Letting Null happen is so easy and fast when designing import functions and getting data from forms.

I have read a lot of "Avoid Null", but not much on why.

So, Why should I spend effort building an application that avoids nulls?

and

When is Null acceptable / preferred? or When should Null be absolutely avoided?
 
I see no reason to avoid Nulls. I suspect you have come across people repeating what they have heard without any understand of why. There are such myths in Access that can be traced back to hearsay all built upon one unsubstantiated claim.

Anything entered in a record where no real information was actually was recorded is misleading. Null does not mean the same as Zero.

For example if you record the number of somethng as Zero to avoid a Null and you don't actually know the real value then it is the wrong information.

I have imports where I go to the trouble of foring Nulls which would otherwise arrive as zero.
 
That is the question.

Letting Null happen is so easy and fast when designing import functions and getting data from forms.

I have read a lot of "Avoid Null", but not much on why.

So, Why should I spend effort building an application that avoids nulls?

and

When is Null acceptable / preferred? or When should Null be absolutely avoided?

It's usually good practice to avoid or minimise the use of nulls. Nulls cause some queries to return results that are "incorrect" (i.e. the results won't correspond with the intended meaning of the database). Unfortunately SQL and SQL-style databases can make nulls difficult, though not necessarily impossible, to avoid. It's a very real problem and even experts often have trouble spotting flaws in query logic caused by nulls.

Since there is nothing like nulls in the real world, using them means making some compromises in the way your database represents reality. In fact there is no single consistent "meaning" of nulls and little general agreement on what they are for. In practice, nulls get used to represent all sorts of different situations. When you do use them it's a good idea to document exactly what a null means for any given attribute.

Here's a very good lecture about the "null problem" by Chris Date (founding influence and leading authority on relational database theory):
http://www.youtube.com/watch?v=kU-MXf2TsPE
 
I seem to recall a discussion on this subject some years ago, perhaps with my old friend Banana. Some of the domain aggregate functions work OK with nulls in the relevant data stream but others don't. Therefore, if you are going to have nulls (which technically is OK), what you REALLY need to do is decide how you will handle them when you get them.

Another thread here mentions one-to-one relationships and brings into play the concept of Z-cardinality, meaning "one of the participating tables has a record for key value XXX but the other table does not." In that case, an outer join of the two tables would show nulls in the fields derived from the table that is missing the record.

By extension, if you had other relationships that included 0, 1, or many associated records (say, records representing dependents in a personnel benefits table), the joins would have to allow for the zero dependents case without dropping the employee's primary record from processing. So you WOULD get some nulls for that case. I'm sure many folks here have run across such situations many times. I won't bother to contrive other examples.

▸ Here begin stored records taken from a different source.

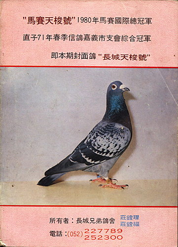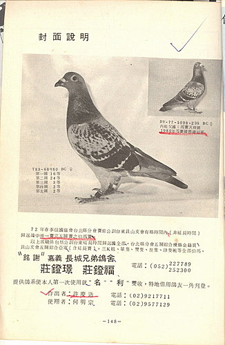 72 年春季信鴿協會台北縣分會賽前公訓台東,員山支會有格時間內(非延長時間)歸返鴿中,唯一賽完五關賽的伯馬賽。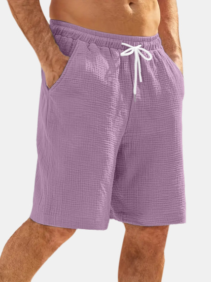 Men's Casual Hawaiian Bubble Wrinkle Comfortable Solid Color Beach Shorts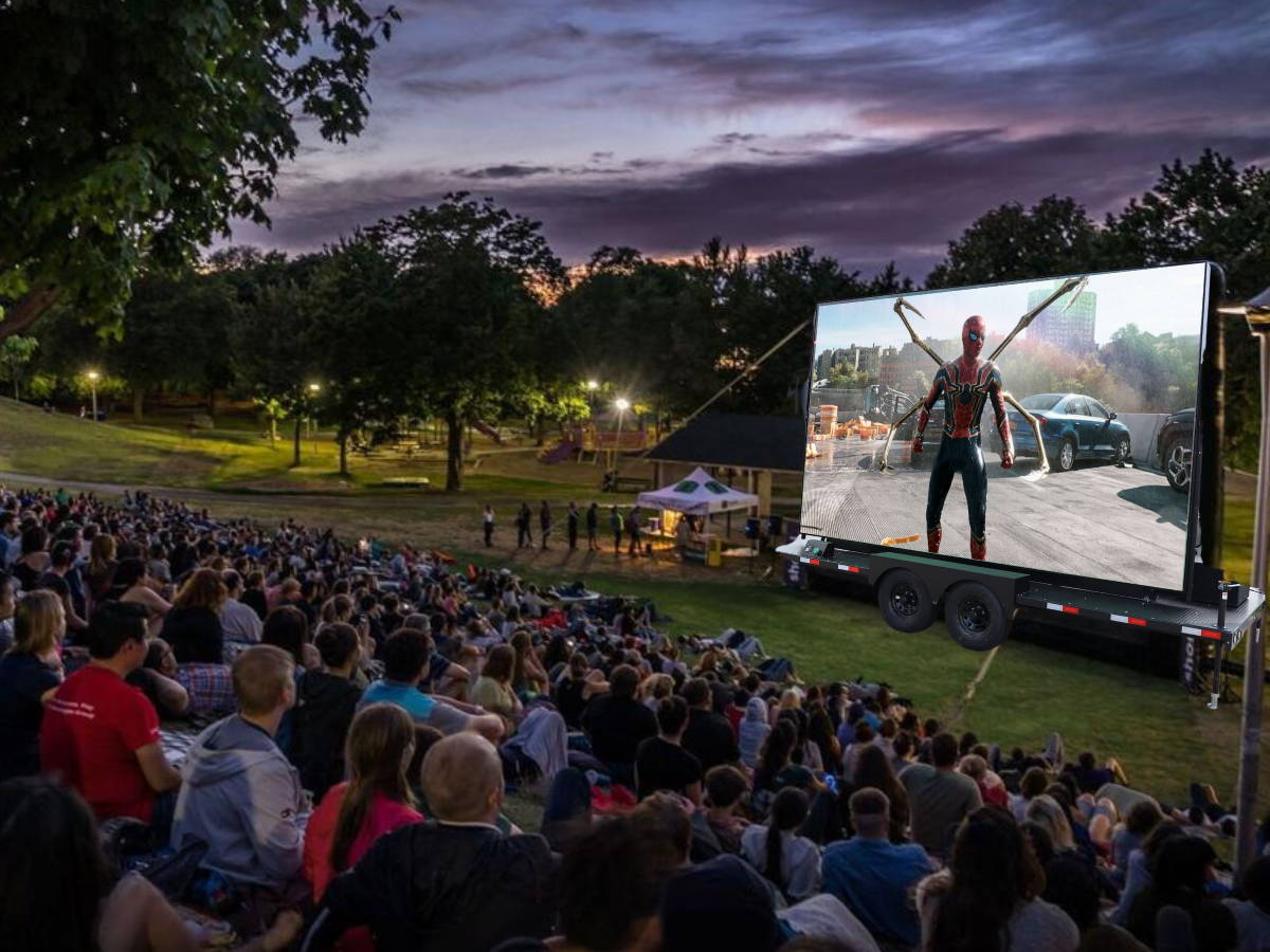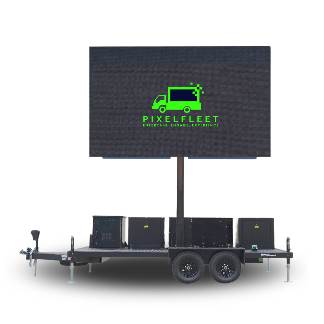 We Roll Up. Trailer-mounted LED screen delivered and setup by pros.
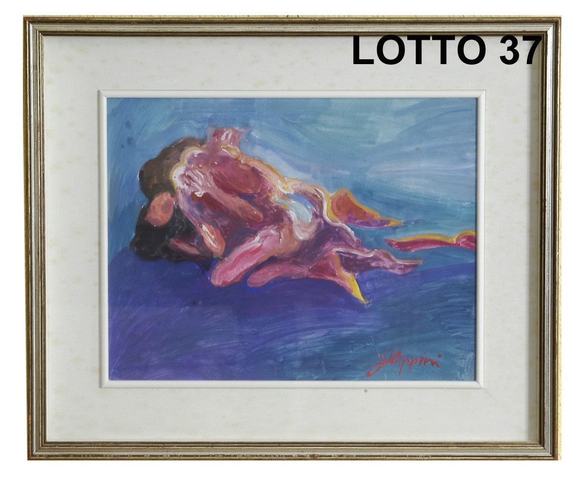 FELICE FILIPPINI (1917 - 1988) DIPINTO OLIO SU CARTONE RAFF. INNAMORATI MIS....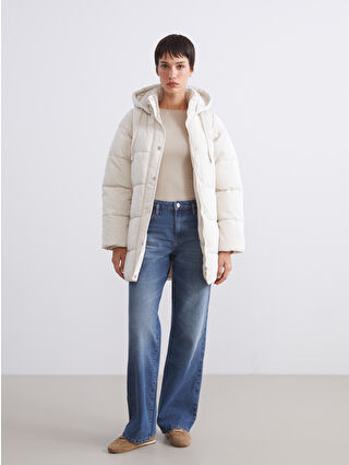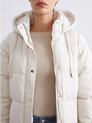 کاپشن بادی زنانه کلاه دار سفید LCW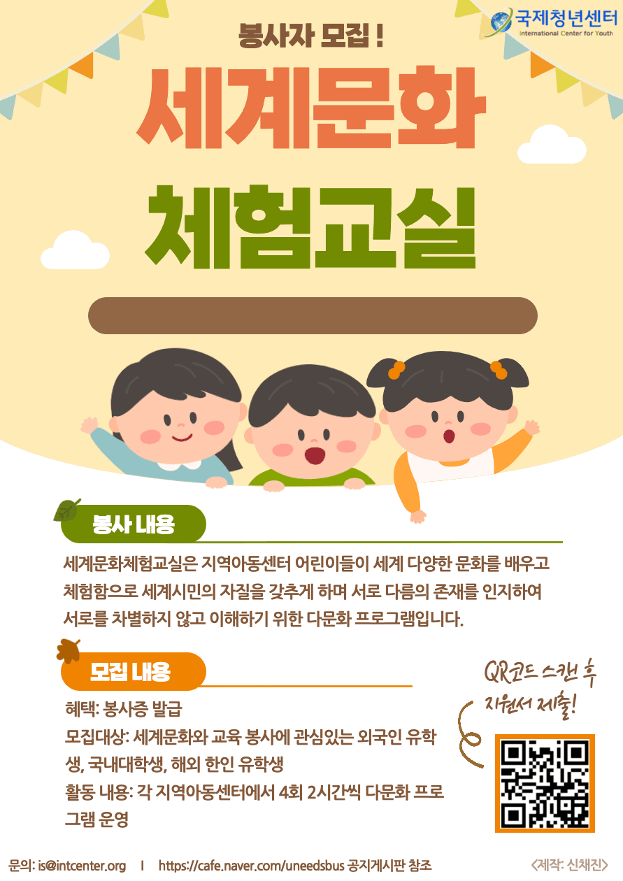 * 모집대상: 세계문화와 교육봉사에 관심 있는 국내 대학생 및 외국인 유학생(휴학생 가능)

The answer, to me, is always simple. When a null is a possibility, plan for it. Decide how and when you test for it and decide what you need to do when the test comes back positive. The ONLY wrong answer is to know you might have nulls and do nothing about it.
 
The answer, to me, is always simple. When a null is a possibility, plan for it. Decide how and when you test for it and decide what you need to do when the test comes back positive. The ONLY wrong answer is to know you might have nulls and do nothing about it.

My feelings exactly.
 
It appears that I may have misread / misinterpreted the question here. The question is posted in the database design forum and I read it as a question about database design, i.e.: whether a database designer should permit nulls in tables and why it might not be a good idea to do so. That was the question I tried to answer.

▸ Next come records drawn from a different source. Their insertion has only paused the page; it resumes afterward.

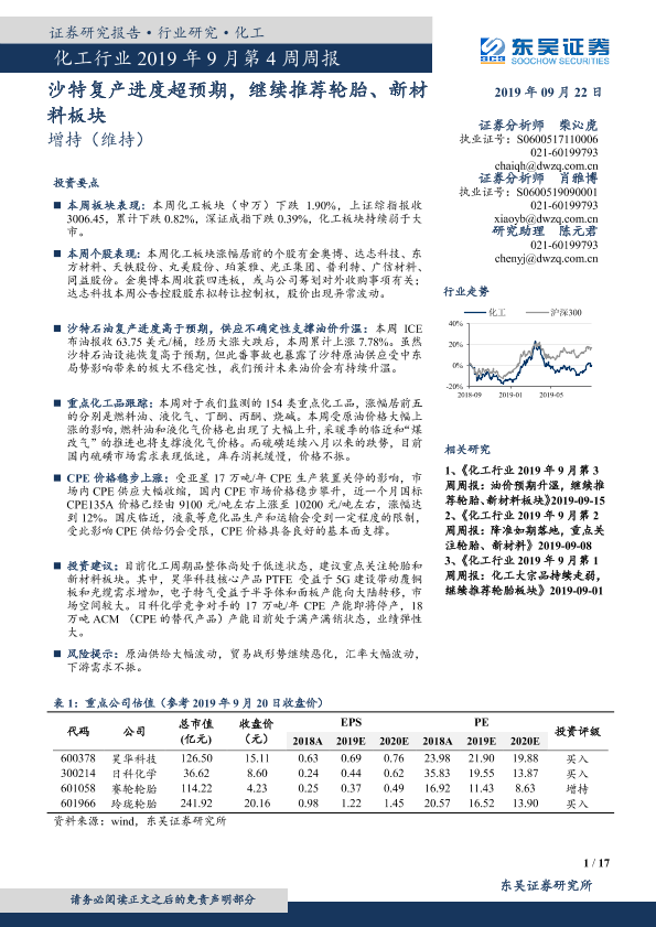 【东吴证券】【20190922】化工行业2019年9月第4周周报:沙特复产进度超预期,继续推荐轮胎、新材料板块-17页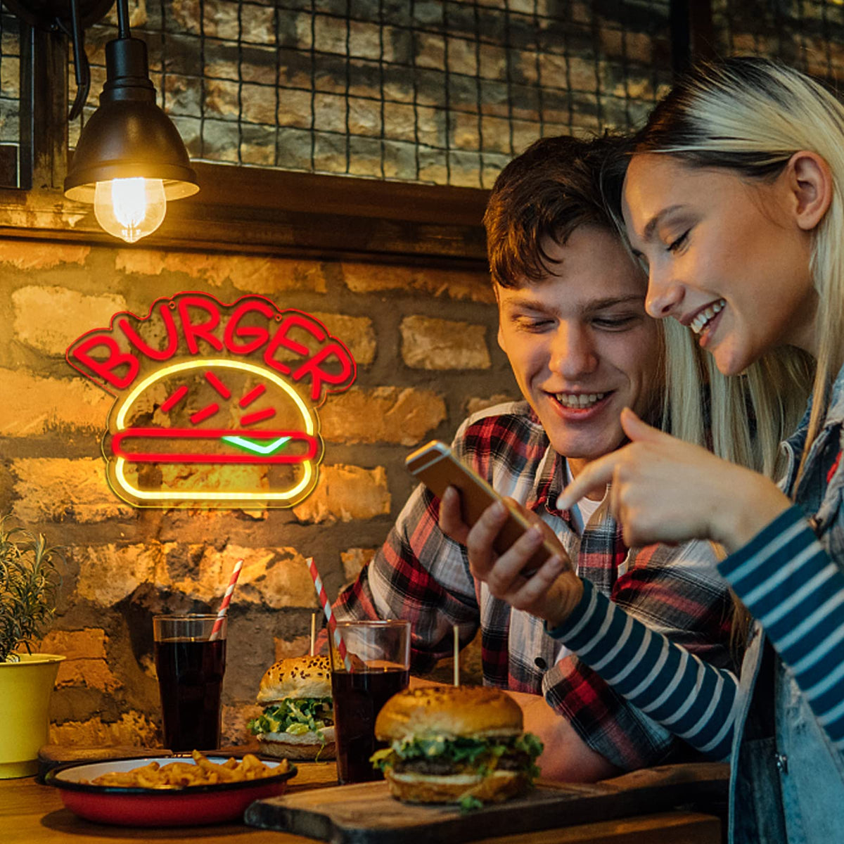 Jfllamp Burger Neon Signs For Wall Decor Neon Lights For Bedroom Led Business Signs Suitable For Hamburger Restaurant Office Man Cave Beer Bar Pub 5V Power Adapter, 14.1 * 10 Inch(Red+ Warm White)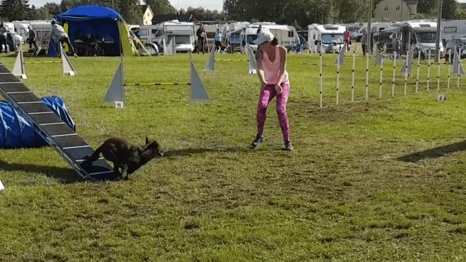 Kira missade runningen i agilityloppet så skickade om henne på nedfarten. I hopploppet gick hon ur i slalomen.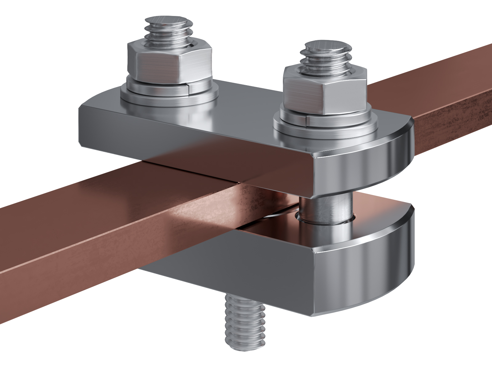 Schienenträger aus vernickeltem Messing zur Befestigung und Sicherung von Stromschienen aus Kupfer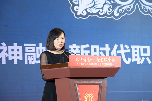 10月14日,由无锡市总工会主办的“永远听党话 坚定跟党走”长三角(5+10)城市职工思想引领研讨会在无锡隆重召开,中国工人出版社社长、党委书记王娇萍,江苏省总工会一级巡视员、直属机关党委书记马永青,无锡市委副书记、政法委书记朱爱勋,无锡市人大常委会副主任、党组副书记,市总工会主席陈德荣等领导出席会议。
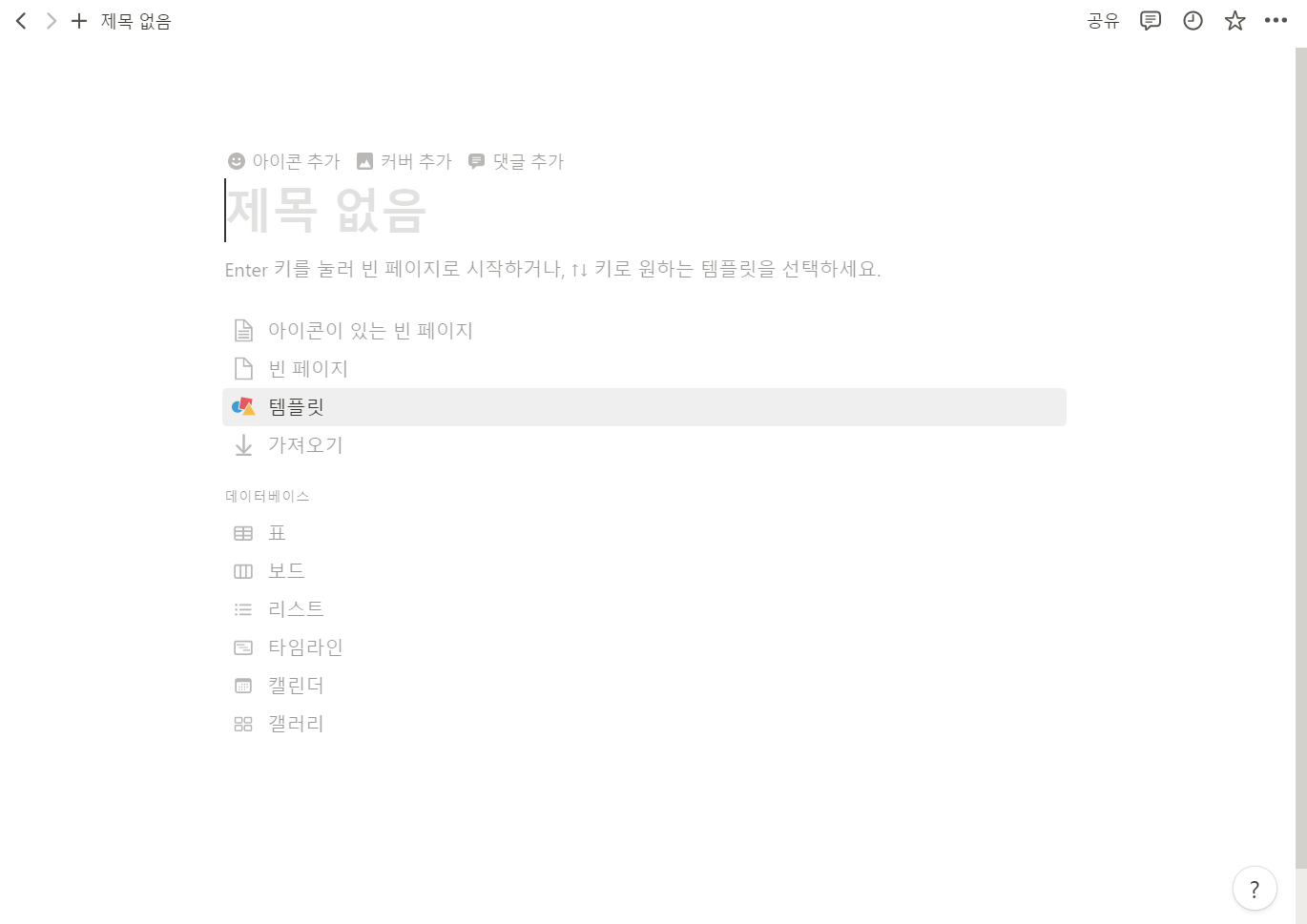 노션은 +버튼을 눌러 페이지를 추가하면 List에 제목없음이라는 문서가 추가된다.

On rereading the original question and the answer by Doc Man it seems like the topic is actually applications that use data and not necessarily the design of the database itself. Databases can obviously be designed either with or without nulls. Equally obviously if an application is required to deal with nulls as one of its expected inputs then it is very sensible to consider and design for that eventuality!
 
I am not sure that you can build a database that will have no nulls in it, even if you happen to not call them nulls. You can build a QUERY that might never have any nulls - by judicious use of the NZ function or its equivalent in your database. But if I remember my ANSI SQL rules (and admittedly, it has been a while so be nice, folks...), if you do a JOIN of tables in a one-many relationship and the many table can have nothing to match, you can choose an INNER JOIN or an OUTER JOIN. If you take the INNER, you don't see the unmatched "one" record. If you take the OUTER JOIN, you will ALWAYS face the chance of seeing nulls in the raw datastream. Set theory would demand such a response, as would formal Interrogatory logic.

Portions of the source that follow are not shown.